巻頭企画 天馬空を行く

タレント 矢部 美穂

矢部 美穂
MIHO YABE

北海道恵庭市出身。1992年、学研主催のコンテスト、「New MOMOCO CLUB」で応募者およそ1万2000人の中からグランプリを受賞。それを契機に16歳で上京して芸能界へ。以降、雑誌やグラビアで活躍後、バラエティ番組でテレビデビュー。現在はテレビ、ドラマ、舞台、写真集などで幅広く活動中。2020年、芸名を再び本名の「矢部美穂」に改名した。
 
 
 
 

弊誌経営者インタビューのゲストインタビュアーの中で、最多の対談回数を誇るタレントの矢部美穂さん。その総数は1536社(2020年9月号分取材まで)。創刊間もない頃から現在に至るまで、謙虚で真摯な姿勢でインタビュアーを務めてくださっている矢部さんに、思い出を振り返ってもらった。

 


 

本業に生かせる鋭い質問力

矢部美穂さんが初めてゲストインタビュアーを務めてくださるようになったのは、2007年7月号。遡ること13年前である。始めたきっかけを聞いた。

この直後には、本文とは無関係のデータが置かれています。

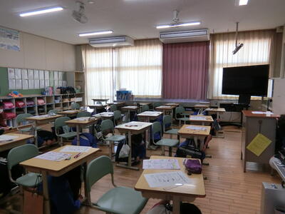 教室では窓を閉め、カーテンも閉め、机の下に避難して頭を守ります。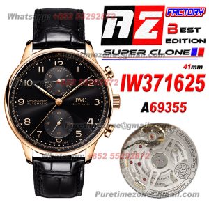 Portugieser Chronograph IW371625 Automatic Mens Watch Super Clone AZF RG Black Dial Black Leather Strap A69355 $680.00 $520.00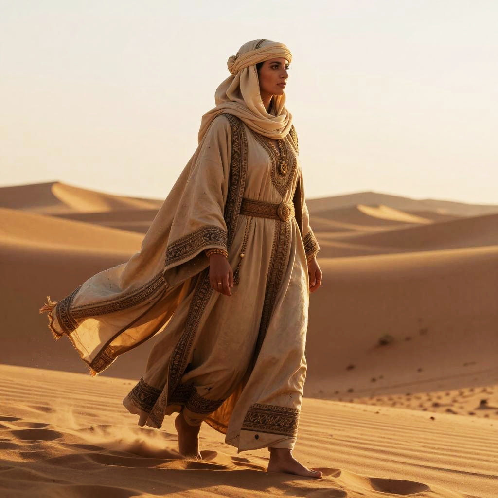 Desert garb worn by a nomadic traveler, flowing robes and headscarves, sandy dunes backdrop, golden hour lighting, intricate patterns and textures, cinematic style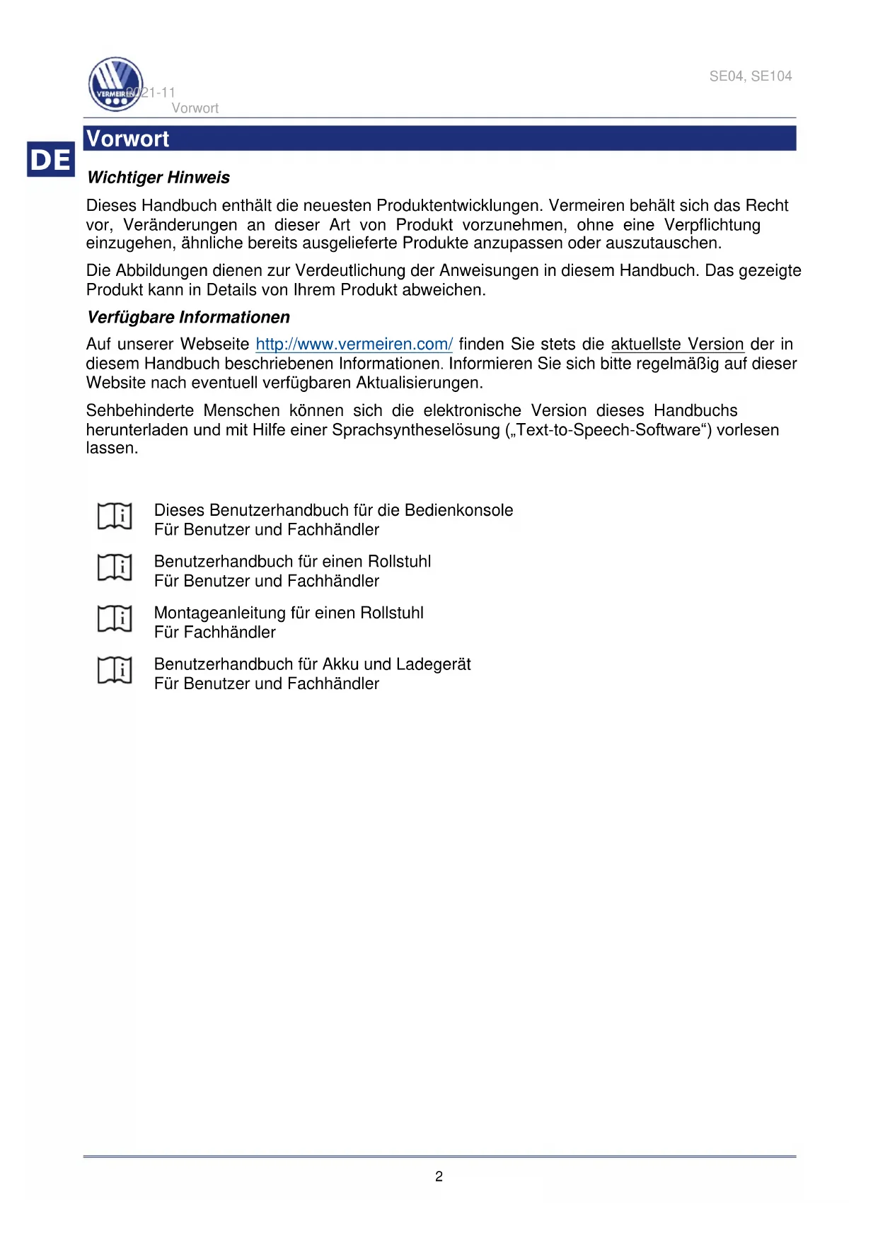 Vorwort Wichtiger Hinweis Dieses Handbuch enthält die neuesten Produktentwicklungen. Vermeiren behält sich das Recht vor, Veränderungen an dieser Art von Produkt vorzunehmen, ohne eine Verpflichtung einzugehen, ähnliche bereits ausgelieferte Produkte anzupassen oder auszutauschen. Die Abbildungen dienen zur Verdeutlichung der Anweisungen in diesem Handbuch. Das gezeigte Produkt kann in Details von Ihrem Produkt abweichen. Verfügbare Informationen Auf unserer Webseite http://www.vermeiren.com/ finden Sie stets die aktuellste Version der in diesem Handbuch beschriebenen Informationen. Informieren Sie sich bitte regelmäßig auf dieser Website nach eventuell verfügbaren Aktualisierungen. Sehbehinderte Menschen können sich die elektronische Version dieses Handbuchs herunterladen und mit Hilfe einer Sprachsyntheselösung („Text-to-Speech-Software“) vorlesen lassen.

「もともとは、以前所属していた事務所のマネージャーの紹介で始まったお仕事でした。当時の私は20代。バー『YABEKE』を手がける前でしたので、経営者の肩書はなかった頃でした。芸能を生業にしている中で、インタビューされることはあっても、他人にインタビューを行う機会というのは、それまではなかったです。ましてや、企業にうかがって社長さんと対談した経験もありません。それもあってか、初回のときに『記者が進行管理をしっかり行うので、どうぞ安心してください』と言われたことを覚えています。今となっては、積極的に自分から質問することができますけれど、慣れるまでには時間がかかりました。
 それ以来、経営者の方々の貴重なお話を生で聞くことができて、すごく良い経験をさせてもらっています。何よりも、同行する記者の方と経営者さんのやり取りを聞いていると、『なるほど。こういう質問の切り出し方があるのか』と学ぶことが多いんです。そうして経験を積む中で相手への質問の仕方や言葉選びが鍛えられました。そしてその経験が、芸能活動にも大いに役立っています。例えば、ロケで温泉宿に行ったとき、女将さんや従業員さんとスムーズな会話運びができるようになりましたからね」

同じ経営者として

矢部さんは2010年に、世田谷区・池尻大橋にバー「YABEKE」をオープンさせた。経営者になってからは、より自分自身の言葉に説得力を持たせるようになったそうだ。数多くの経営者と対談を行ってきた中で、その後に経営者と交流が生まれることもあったという。さまざまな思い出話を聞かせてもらった。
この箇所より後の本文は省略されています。